Haslev, the largest town in Faxe municipality, lies in the southern part of Zealand, Denmark. About  from Copenhagen, it has a population of 12,119 (1 January 2022). 

Haslev has six public schools: two boarding schools, a folk high school, a technical school, a college of education, and a sixth-form college.

The estates and castles of Gisselfeld and Bregentved are close to Haslev.

History
Haslev started out being a small village named Hasle with a few houses and streets around the church. The name was changed to Haslev to avoid confusion with other similar town names in Denmark.

In 1870, the railway line passing Haslev town was inaugurated. At that time, Haslev had only 653 inhabitants. A street named Jernbanegade (Railway Street) was paved, to connect the church with the newly built train station. In the years that followed, the street became the main street of the town with shops, banks and so forth. In 1911, the town had 3,668 inhabitants. In the 1980s, a square in the middle of the street was constructed.
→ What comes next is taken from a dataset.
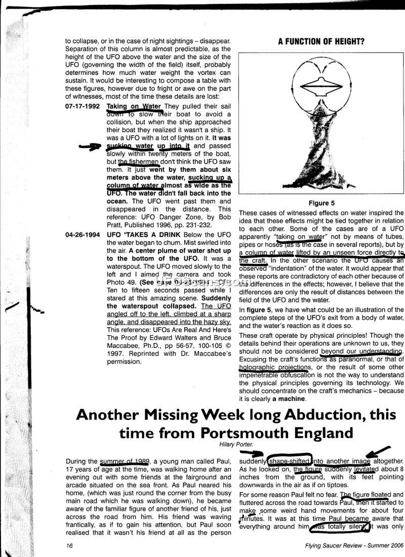 This document is a compilation of articles from the Summer 2006 issue of Flying Saucer Review. It presents a series of anecdotal reports and analytical pieces regarding Unidentified Aerial Phenomena (UAP) and humanoid encounters. The text details several specific incidents, including a 1992 sighting of a UFO drawing water from the ocean, a 1994 report of a water-spout-like phenomenon associated with a craft, and a 1989 abduction case in Portsmouth, England, involving a witness named Paul who experienced missing time and alleged mental manipulation. The document also explores the concept of 'giant' humanoid entities, citing reports from the 1960s and 1970s in the United Kingdom, and a 1971 encounter in Bradenton, Florida, by a police officer who described a voice communicating internally. Further sections discuss the potential for holographic projections and 'soft spot' portals, as well as physical effects on witnesses, such as skin rashes and intestinal disorders following close encounters. The authors argue that these phenomena, while appearing paranormal, may be manifestations of advanced, albeit unknown, machine-based technology that utilizes plasma projection and mind control to interact with or influence human witnesses. The compilation serves as a repository for these diverse accounts, aiming to categorize commonalities such as the use of 'black-clad' figures, giant humanoids, and the distortion of physical structures.

During the 20th century Haslev grew rapidly, becoming a center for the Church Association for the Inner Mission in Denmark. The latter built a folk high school, sixth-form college (with a boarding school) among others. In the 1970s and 1980s, the schools became independent of the founding association. Today, there are only few remains of the Inner Mission in Haslev.

In the early 1970s and onwards, an entrepreneur named Ole Christiansen founded whole new neighbourhoods of one-family houses with an attached garden at a low expense. This encouraged many families from all over Zealand, and especially Copenhagen, to move to Haslev.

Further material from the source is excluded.